The effects of the Rho‐kinase inhibitor Y‐27632 on arachidonic acid‐, GTPγS‐, and phorbol ester‐induced Ca2+‐sensitization of smooth muscle

Abstract

The effects of the Rho-kinase inhibitor, Y-27632 [1] on Ca²⁺-sensitization of force induced by arachidonic acid (AA), phorbol 12,13-dibutyrate (PDBu), GTPγS, and by the stable thromboxane analog, 9,11-dideoxy-9α,11α-methanoepoxy-PGF_2α (U-46619), were determined in α-toxin-permeabilized smooth muscles. Y-27632 relaxed (up to 99%) Ca²⁺-sensitization by GTPγS (10 μM) and U-46619 (1 μM), but not by PDBu (20 μM), and reduced GTPγS-induced myosin light chain (MLC₂₀) phosphorylation from 28% to 17% (P=0.002). GTPγS-induced force sensitization was inhibited by Y-27632 more potently when the inhibitor was added during the plateau of force than prior to stimulation.
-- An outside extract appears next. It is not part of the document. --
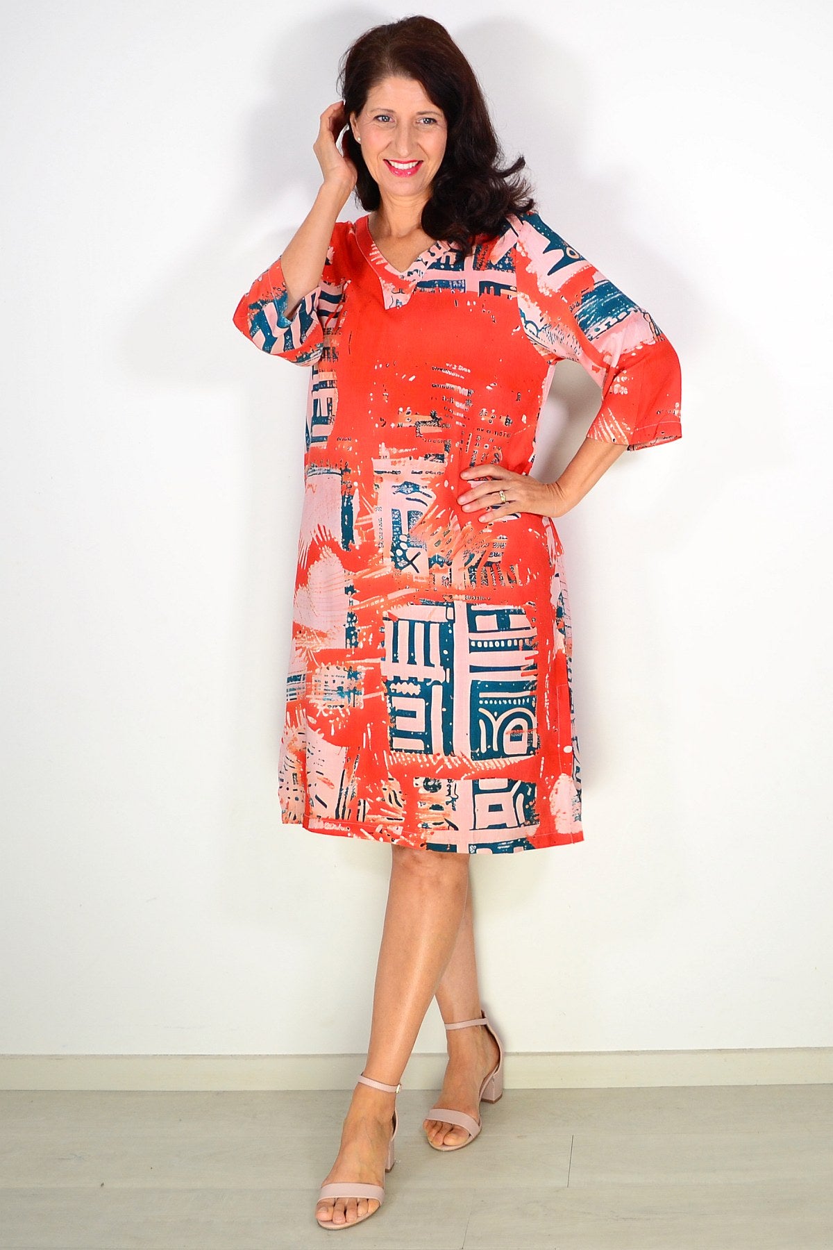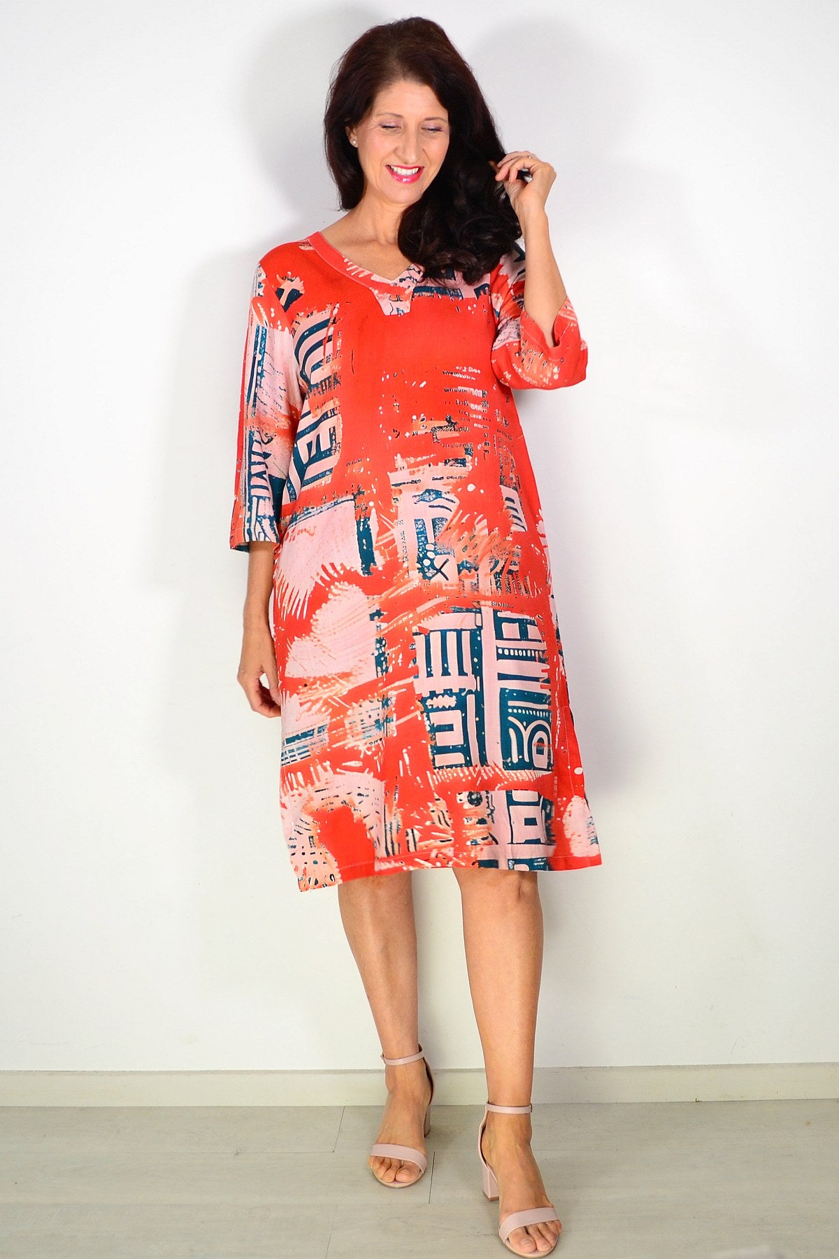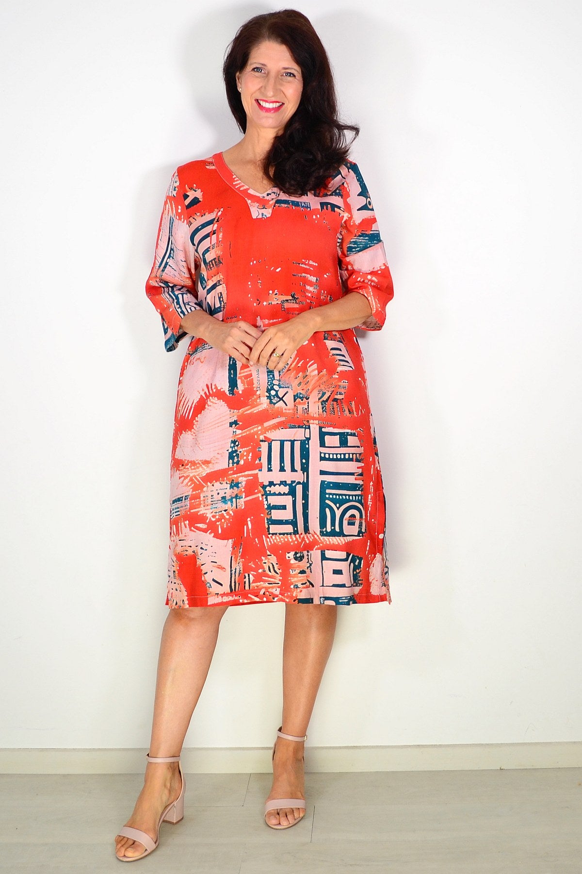 - Orange Salmon Linen Blend Tunic Dress. Main standout colours are orange, salmon, green

In α-toxin-permeabilized smooth muscle, Y-27632 inhibited AA (50 μM)-induced Ca²⁺-sensitization of force (by 66±1.3%) and reduced MLC₂₀ phosphorylation. In contrast, Y-27632 did not relax force Ca²⁺-sensitized by AA in smooth muscle permeabilized with Triton X-100. We conclude that (i) AA induces Ca²⁺-sensitization through dual mechanisms, one mediated by Rho-kinase (or a related kinase), and (ii) Rho-kinase is not required for phorbol ester-induced Ca²⁺-sensitization.